The Parts of the server are:
This post deals only with EventHandler.
The EventHandlerLibEvent.h provides RIAA wrapper for LibEvent types that I need. The EventHandler uses LibEvent to set callbacks and handlers. There is a timer that updates the Store state and any events on a file descriptor cause jobs to be added to the JobQueue.
EventHandlerLibEvent.h
#ifndef THORSANVIL_NISSE_EVENT_HANDLER_LIBEVENT_H
#define THORSANVIL_NISSE_EVENT_HANDLER_LIBEVENT_H
/*
* Wrapper class to give LibEvent types proper RIAA characteristics.
*
* EventBase is not copyable or movable. libEvent event_base
* Event is moveable. libEvent event
*/
#include "NisseConfig.h"
#include <event2/event.h>
#include <utility>
namespace ThorsAnvil::Nisse
{
using LibEventEventBase = ::event_base;
using LibEventEvent = ::event;
using LibEventTimeOut = ::timeval;
class EventHandler;
enum class EventType : short{Read = EV_READ, Write = EV_WRITE};
class Event;
class EventBase
{
friend class Event;
LibEventEventBase* eventBase;
public:
EventBase()
: eventBase(event_base_new())
{}
~EventBase()
{
event_base_free(eventBase);
}
EventBase(EventBase const&) = delete;
EventBase(EventBase&&) = delete;
EventBase& operator=(EventBase const&) = delete;
EventBase& operator=(EventBase&&) = delete;
void run()
{
event_base_loop(eventBase, EVLOOP_NO_EXIT_ON_EMPTY);
}
};
class Event
{
LibEventEvent* event;
public:
Event(EventBase& eventBase, EventHandler& eventHandler);
Event(EventBase& eventBase, int fd, EventType type, EventHandler& eventHandler);
Event()
: event(nullptr)
{}
Event(Event&& move)
: event(std::exchange(move.event, nullptr))
{}
Event& operator=(Event&& move)
{
event = std::exchange(move.event, nullptr);
return *this;
}
~Event()
{
if (event) {
event_free(event);
}
}
Event(Event const&) = delete;
Event& operator=(Event const&) = delete;
void add()
{
event_add(event, nullptr);
}
void add(int microsecondsPause)
{
LibEventTimeOut timeout = {0, microsecondsPause};
evtimer_add(event, &timeout);
}
};
}
#endif
EventHandler.h
#ifndef THORSANVIL_NISSE_EVENT_HANDLER_H
#define THORSANVIL_NISSE_EVENT_HANDLER_H
/*
* A thin wrapper on libEvent to C++ it.
*
* When an socket listener is first created via add() we store all data in the Store object.

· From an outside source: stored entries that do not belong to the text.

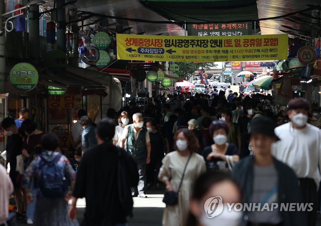 ▲ 추석 앞두고 붐비는 재래시장 (서울=연합뉴스) 이지은 기자 = 추석 연휴인 19일 오후 서울 노원구 상계중앙시장에서 시민들이 제수품 등을 사기 위해 시장을 둘러보고 있다. 2021.9.19 jieunlee@yna.co.kr
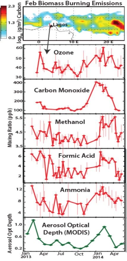 Lagos carbon monoxide, formic acid, and ammonia have higher peak values than Mexico City, but ozone is lower. These differences in chemical regime are being investigated.
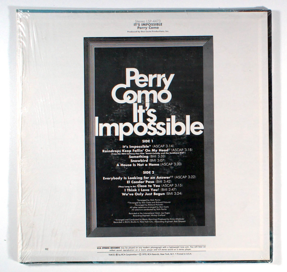 Perry Como - It's Impossible (1970) Vinyl LP Snowbird, We've Only Just Begun
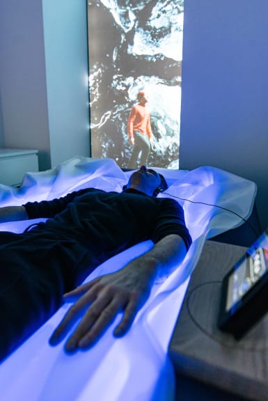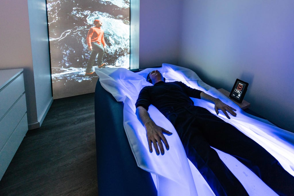 The feeling of weightlessness is one of the most relaxing experiences imaginable. Combined with warm water, you'll feel all stress melt away. You float on 400 liters of warm water without getting wet. The water temperature is a comfortable 35-36 degrees Celsius. This relaxing experience relieves the central nervous system of external stimuli, while activating various brain regions and stimulating regenerative physical responses. The treatment can help reduce stress, alleviate insomnia and chronic pain, improve concentration and focus, and sustainably enhance mental and physical performance.
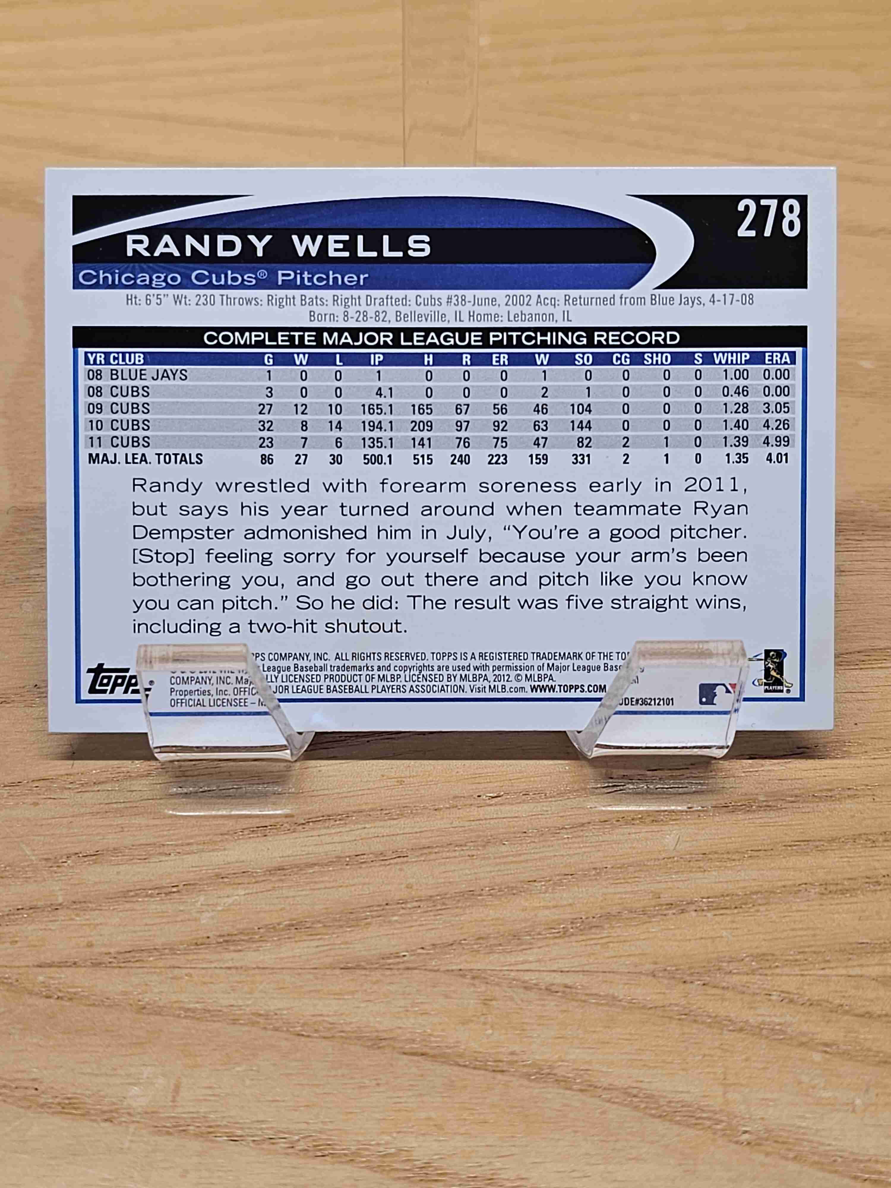 2012 Topps Baseball Randy Wells Chicago Cubs Card #278
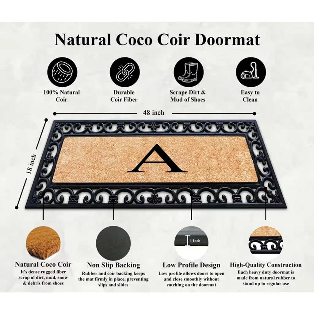 A1hc Rubber Coir Doormat For Outdoor Entrance, Anti-shed Treated Front Door Mat 18x48, Monogrammed D
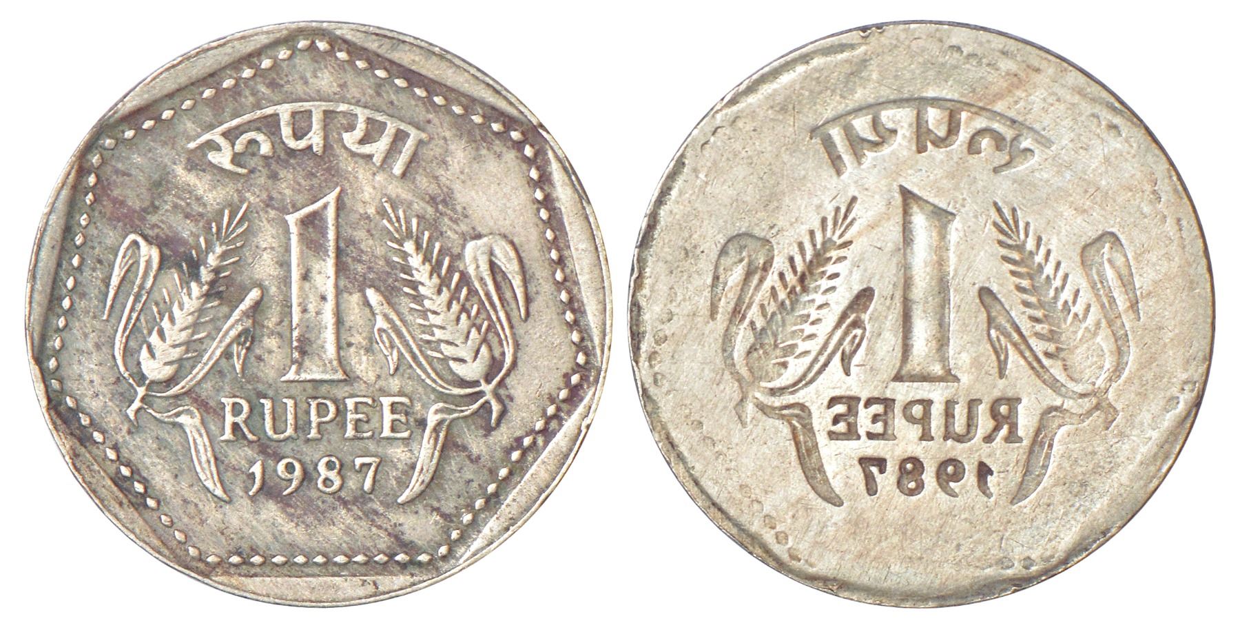 Republic of India, 1987, cupro-nickel, 1 rupee, Calcutta mint, brockage (Lakhi) showing retrograde impression of obverse on reverse.
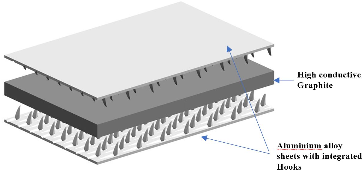 The structure consists of a high-conductive graphite layer, which is sandwiched between two aluminum alloy sheets. The latter have integrated hooks, which penetrate into the high-conductive layer, in order to increase the mechanical strength and the out- of-plane thermal conductivity of the compound.
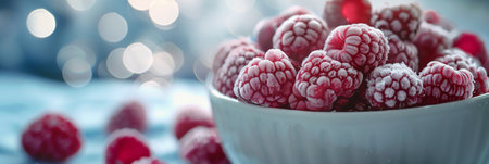 A bowl of frozen raspberries sits on a table. The raspberries are white and red, and they are surrounded by a blue background. The bowl is the main focus of the image
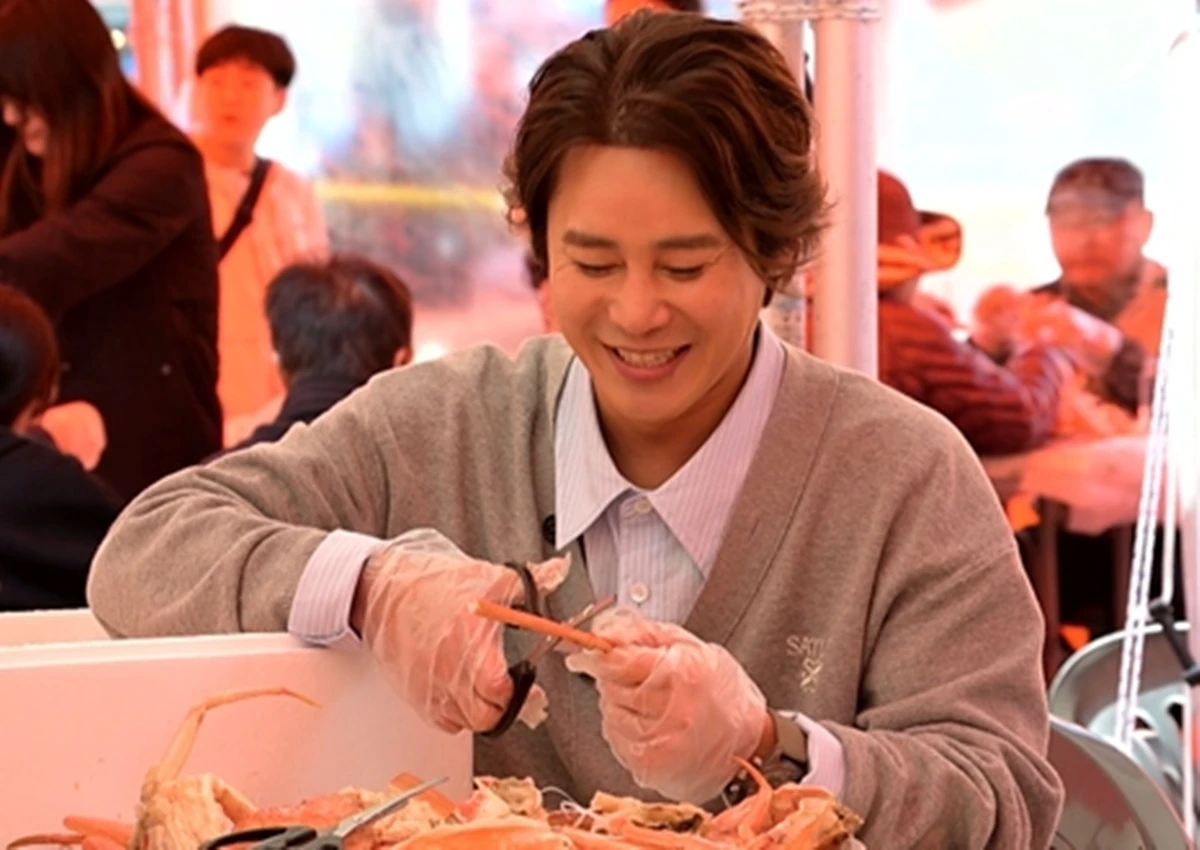이어 정태우는 직접 잡은 대게로 폭풍 먹방을 선보이며 아재 개그를 던져 인간미 넘치는 모습을 보여준다.
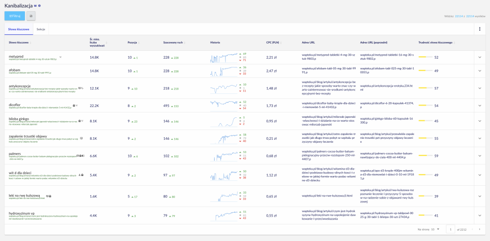 While working on wapteka.pl, we are trying to catch up with the very strong pharmaceutical competition, and it is visibility that is the most important variable for us to analyze our actions.
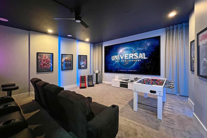 Reusachtig 150-inch scherm met opties om films te streamen vanaf je favoriete bron (Netflix, Prime Video, Hulu, Disney, enz.) op Apple TV, of kijk naar je favoriete Blu-ray of dvd's die je meeneemt of speel games op de nieuwste Playstation 5 – leun achterover en geniet van een film in een grote ligstoel met ongelooflijk 6-speaker surround sound – Klassieke Pac-man en Simpsons arcade consoles.
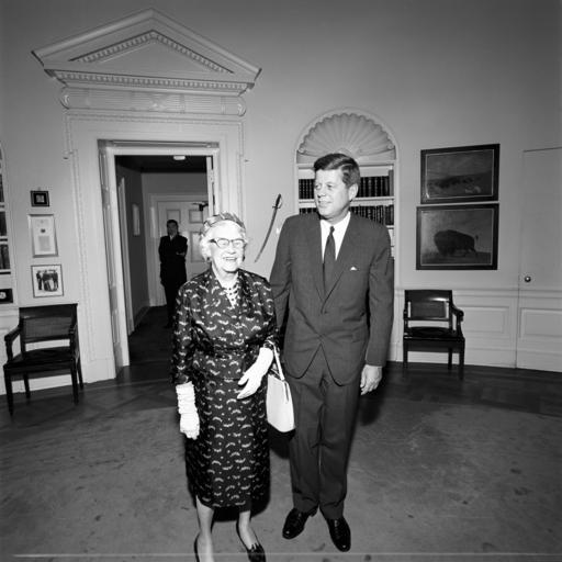Keywords: u.s. national archives usnationalarchives jfk presidential library jfkpresidentiallibrary white house whitehouse jfk john kennedy blackandwhite people monochrome black and white Original Caption: President John F. Kennedy with Newspaper Publisher We are looking for your help in identifying unknown people in our White House Photographs collection. If you have any information about this photograph, please post a comment, including any relevant sources, for the catalogers at the John F. Kennedy Presidential Library. Thank you! Local Identifier: JFKWHP-ST-235-3-62 Created By: President (1961-1963 : Kennedy). Office of the Naval Aide to the President. (1961 - 1963) From: President (1963-1969 : Johnson). White House Photograph Office. (1963 - 1969) Contact: John F. Kennedy Library (LP-JFK), Columbia Point Boston, MA 02125-3398 Phone: 617-514-1600 Fax: 617-514-1652 Email: kennedy.library@nara.gov Production Dates: 5/28/1962 Scope and Content Note: In this photograph, President John F. Kennedy stands with an unidentified woman during a visit with women newspaper publishers. Special Assistant to the President, Kenneth P. O’Donnell, stands in background (through doorway), Oval Office, White House, Washington, D.C. Persistent URL: JFK Library URL: www.jfklibrary.org/Asset-Viewer/Archives/JFKWHP-ST-235-3-... Access Restrictions: Unrestricted Use Restrictions: Unrestricted Original Caption: President John F. Kennedy with Newspaper Publisher We are looking for your help in identifying unknown people in our White House Photographs collection. If you have any information about this photograph, please post a comment, including any relevant sources, for the catalogers at the John F. Kennedy Presidential Library. Thank you! Local Identifier: JFKWHP-ST-235-3-62 Created By: President (1961-1963 : Kennedy). Office of the Naval Aide to the President. (1961 - 1963) From: President (1963-1969 : Johnson). White House Photograph Office. (1963 - 1969) Contact: John F. Kennedy Library (LP-JFK), Columbia Point Boston, MA 02125-3398 Phone: 617-514-1600 Fax: 617-514-1652 Email: kennedy.library@nara.gov Production Dates: 5/28/1962 Scope and Content Note: In this photograph, President John F. Kennedy stands with an unidentified woman during a visit with women newspaper publishers. Special Assistant to the President, Kenneth P. O’Donnell, stands in background (through doorway), Oval Office, White House, Washington, D.C. Persistent URL: JFK Library URL: www.jfklibrary.org/Asset-Viewer/Archives/JFKWHP-ST-235-3-... Access Restrictions: Unrestricted Use Restrictions: Unrestricted |
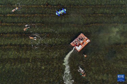 5月12日,河北省昌黎縣茹荷鎮(zhèn)一家海參養(yǎng)殖合作社的工人在捕撈海參(無(wú)人機(jī)照片)。(新華社記者 楊世堯 攝)
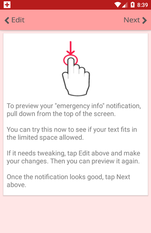Until you touch it, the notification simply shows "My Emergency Info - swipe down for more".
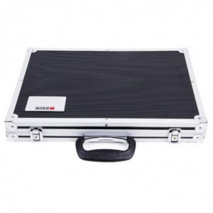 Idéal pour les professionnels de la restauration, cette Mallette à Couteaux Magnétique 6 fentes est une mallette à couteaux magnétique robuste permettant de transporter les couteaux en toute sécurité. Peut contenir 6 couteaux ou ustensiles. Elle est dotée d'une poignée robuste et de deux fermetures à charnière en métal (fournies vides). Ses dimensions sont les suivantes : L 430 x P 320 x H 60 mm. Il permet de protéger les lames de vos couteaux.
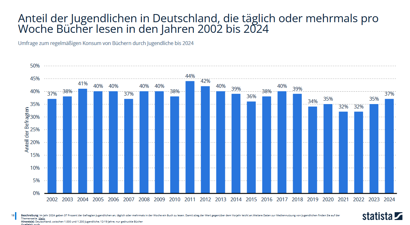 Natürlich lesen wir auch im Englisch-Unterricht Ganzschriften, Artikel aus Zeitungen und Zeitschriften, Kurzgeschichten usw. Und natürlich ist die Vermittlung von "Medienkompetenz" etwas, dass wir in der Schule vermitteln müssen. Aber die Zeiten ändern sich nun mal. Ich schätze, die Zahl der "freiwilligen Leser*innen" wird in den nächsten Jahrzehnten weiter abnehmen.
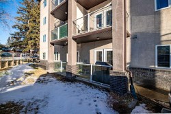 Welcome to Unit 106 – 5205 Woodland Road, Innisfail, a bright, quiet west-facing MAIN-FLOOR unit located in the well-maintained and desirable Woodland Manor condominium at the southwest end of town. This clean, well-cared-for home offers comfort, convenience and excellent value in a secure, quality-built building.This two-bedroom unit features a functional layout with a combination of ceramic tile, laminate and carpet flooring throughout. The kitchen is both practical and inviting, offering abundant cabinetry, a ceramic tile backsplash, breakfast counter and a built-in microwave hood fan. Six appliances are included, making this home move-in ready. The bright living room opens through French doors to a private west-facing patio with aluminum and glass railing—perfect for enjoying afternoon sun. Some owners have chosen to remove the glass panels for direct outdoor access, offering added flexibility and convenience. The primary bedroom includes two windows for excellent natural light and airflow. Additional features include quality vinyl casement crank-out windows, drywalled ceilings, an in-unit laundry room with extra storage, and a central vacuum system with attachments. The unit is equipped with forced-air heating and this home already includes A/C, a valuable and hard-to-find upgrade. Parking is a major bonus with ONE CLEAN, HEATED UNDERGROUND TITLED STALL conveniently located close to the elevator, plus ONE ASSIGNED OUTDOOR PARKING STALL with plug-in, and ample visitor parking marked 106.Woodland Manor is known for its solid construction, featuring double-drywalled interior walls for enhanced soundproofing, insulation, and energy efficiency. Condo fees include heat, water, sewer, and reserve fund contributions, offering excellent value and peace of mind. Pets are allowed with approval. Building amenities include secure keyless entry, security cameras, intercom system, elevator, wide hallways, staircases at each end, a social room right next to elevator and a well-maintained common area. Pets are permitted, and the building is designated for residents 18 years and older. An excellent opportunity for first-time buyers, downsizers or investors seeking a quiet, secure, main-floor condominium in a well-managed building in Innisfail.Long term tenants in place.
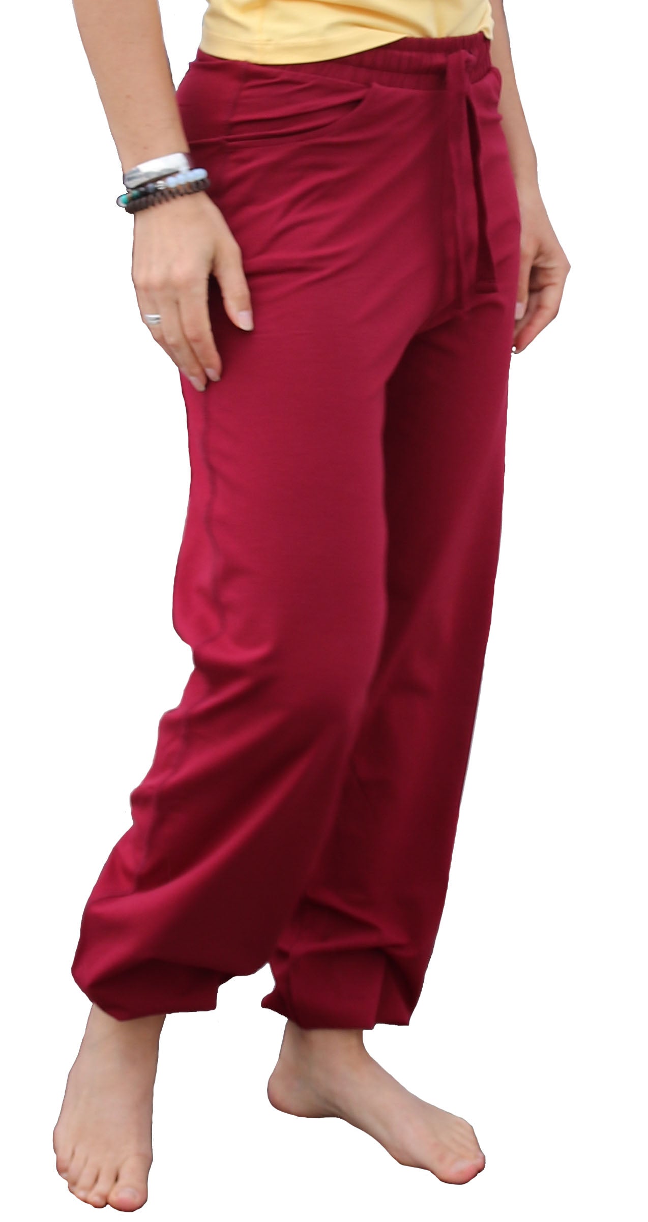 Elastic, dimensionally stable sports pants for Pilates, Yoga, meditation, martial arts, wellness, and leasure
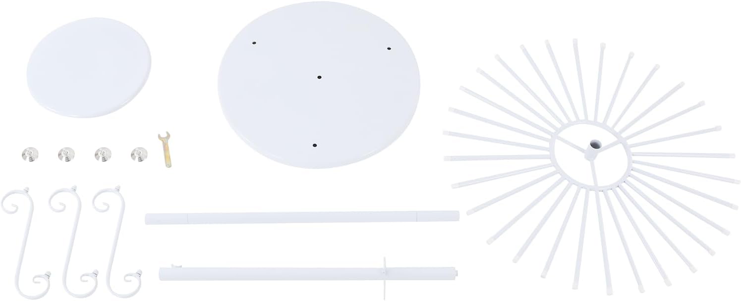 DescriptionThis Rotating scarf display stand is constructed from premium materials and features a robust structure, providing stable support and display for your scarves and other items. Its 360° rotating disk and 30 arms offer an ideal scarf display and storage solution for apartments, homes, and clothing stores. Additionally, the simple structure makes installation and cleaning easy and straightforward, saving you great effort and time.SpecificationsColor: WhiteMaterial: IronProcess: High-temperature Baking PaintNumber of Hanging Rods: 30Adjustable Feet Height: 1-2cm/0.39-0.79inMount Type: Free StandingAssembly Required: YesProduct Overall Height: 125cm/49.2inBase Diameter: 50cm/19.7inRotating Rack Diameter: 70cm/27.6inTop Plate Diameter: 30cm/11.8inPackage Size: 70*70*8cm/27.56*27.56*3.15inGross Weight: 6kg/13.23lbsNet Weight: 5.7kg/12.57lbsPackage Included1* Scarf Display StandOther Needed AccessoriesNotes1. Please check the size carefully before ordering.2. Please note that this product does not include scarves or other display items.

* When this has been created it adds the `ReadEvent` to libEvent to listen for any data.
*
* When (if) a socket event is triggered we save a lambda on the JobQueue addJob() that will be
* executed by a thread. The lambda restarts the CoRoutine which will either yield one of
* three values.
*
* When the code yields one of three situations happens:
* * TaskYieldState::RestoreRead We restore the read listener waiting for more data.
* * TaskYieldState::RestoreWrite We restore the write listener waiting for space to write.
* * TaskYieldState::Remove We destroy the socket and all associated data.
*
* Note: This data is never destroyed immediately because the code may be executing on any thread.
* Instead a request is queued on the `Store` object. The main thread will then be used
* to clean up data (See Store for details).
*/
#include "NisseConfig.h"
#include "NisseUtil.h"
#include "EventHandlerLibEvent.h"
#include "Store.h"
/*
* C-Callback registered with LibEvent
*/
extern "C" void eventCallback(evutil_socket_t fd, short eventType, void* data);
extern "C" void controlTimerCallback(evutil_socket_t fd, short eventType, void* data);
namespace ThorsAnvil::Nisse
{
class JobQueue;
class Store;
struct StreamData;
struct ServerData;
class EventHandler
{
static constexpr int controlTimerPause = 1000; // microseconds between iterations.
JobQueue& jobQueue;
Store& store;
EventBase eventBase;
Event timer;
public:
EventHandler(JobQueue& jobQueue, Store& store);
void run();
void add(TAS::Server&& stream, ServerCreator&& creator, Pynt& pynt);
void add(TAS::SocketStream&& stream, StreamCreator&& creator, Pynt& pynt);
private:
friend void ::eventCallback(evutil_socket_t fd, short eventType, void* data);
void eventHandle(int fd, EventType type);
private:
friend void ::controlTimerCallback(evutil_socket_t fd, short eventType, void* data);
void controlTimerAction();
private:
struct ApplyEvent
{
EventHandler& handler;
int fd;
EventType type;
ApplyEvent(EventHandler& handler, int fd, EventType type)
: handler(handler)
, fd(fd)
, type(type)
{}
void operator()(ServerData& info) {handler.addJob(info.coRoutine, fd);}
void operator()(StreamData& info) {if (handler.checkFileDescriptorOK(fd, type)) {handler.addJob(info.coRoutine, fd);}}
};
bool checkFileDescriptorOK(int fd, EventType type);
void addJob(CoRoutine& work, int fd);
};
}
#endif
EventHandler.cpp
#include "EventHandler.h"
#include "NisseUtil.h"
#include "JobQueue.h"
#include "Store.h"
/*
* C Callback functions.
* Simply decide the data into EventHandler and call the C++ functions.
*/
void eventCallback(evutil_socket_t fd, short eventType, void* data)
{
ThorsAnvil::Nisse::EventHandler& eventHandler = *reinterpret_cast<ThorsAnvil::Nisse::EventHandler*>(data);
eventHandler.eventHandle(fd, static_cast<ThorsAnvil::Nisse::EventType>(eventType));
}
void controlTimerCallback(evutil_socket_t, short, void* data)
{
ThorsAnvil::Nisse::EventHandler& eventHandler = *reinterpret_cast<ThorsAnvil::Nisse::EventHandler*>(data);
eventHandler.controlTimerAction();
}
using namespace ThorsAnvil::Nisse;
/*
* EventLib wrapper. Set up C-Function callbacks
*/
Event::Event(EventBase& eventBase, int fd, EventType type, EventHandler& eventHandler)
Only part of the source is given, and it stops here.